---- DATA

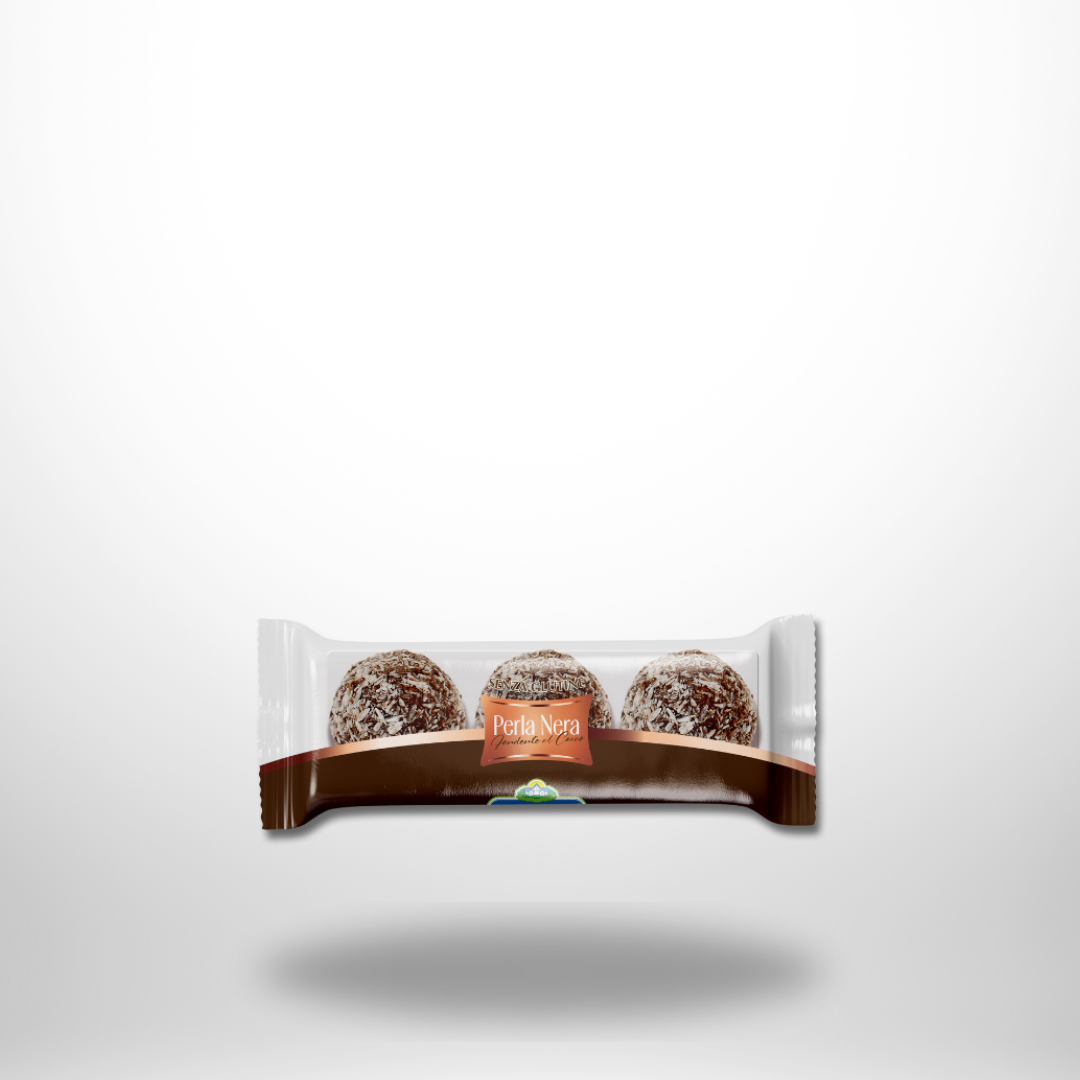 Die Happy Farm Perla Nera al Cocco st eine edle Praline: cremige Kokosfüllung in zartbitterer Hülle aus Kakao, Waffel und Schokolade. Ein exotischer Snack für besondere Genussmomente.
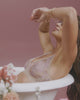 Sheer floral print high cut bikini brief in nude with lavender botanical pattern worn with matching bralette reclining in white bathtub with pink flowers and tortoise shell sunglasses
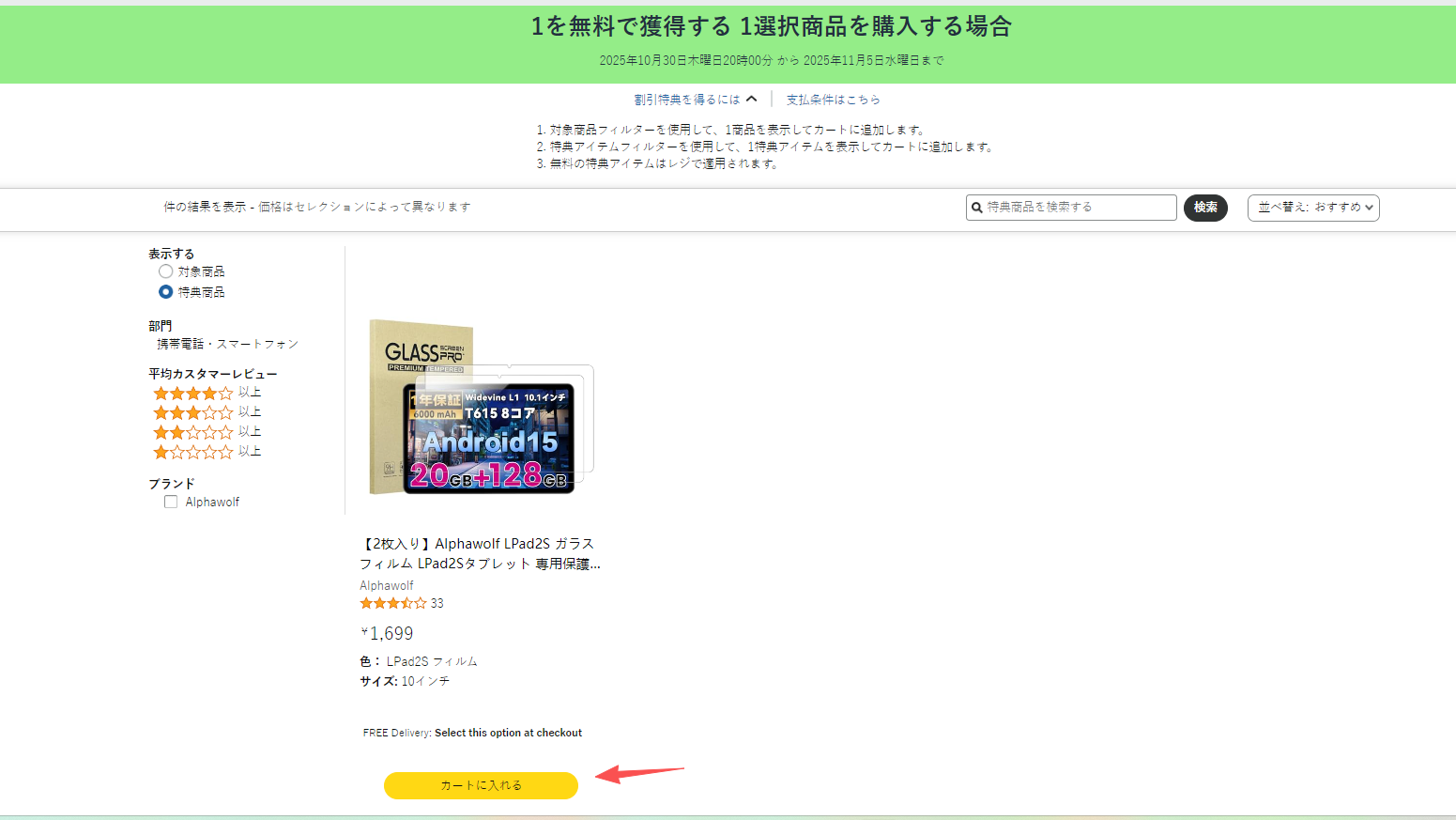 期間限定特典:1699円のガラスフィルムを無料で獲得する
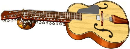 Created as a modified Hawaiian or lapsteel guitar, it has 19 to 21 strings and a gourd added to the neck.
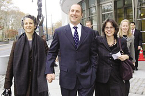馬修·坦丁(左)和拉爾夫-喬菲興高采烈走出法庭。

--------

▸ PROBLEM STATEMENT:
Every line from the one containing "期間限定特典:1699円のガラスフィルムを無料で獲得する" through the end of the records is to be returned exactly, and those lines alone; pictures are dropped.

▸ FINAL ANSWER:
 期間限定特典:1699円のガラスフィルムを無料で獲得する
 Created as a modified Hawaiian or lapsteel guitar, it has 19 to 21 strings and a gourd added to the neck.
馬修·坦丁(左)和拉爾夫-喬菲興高采烈走出法庭。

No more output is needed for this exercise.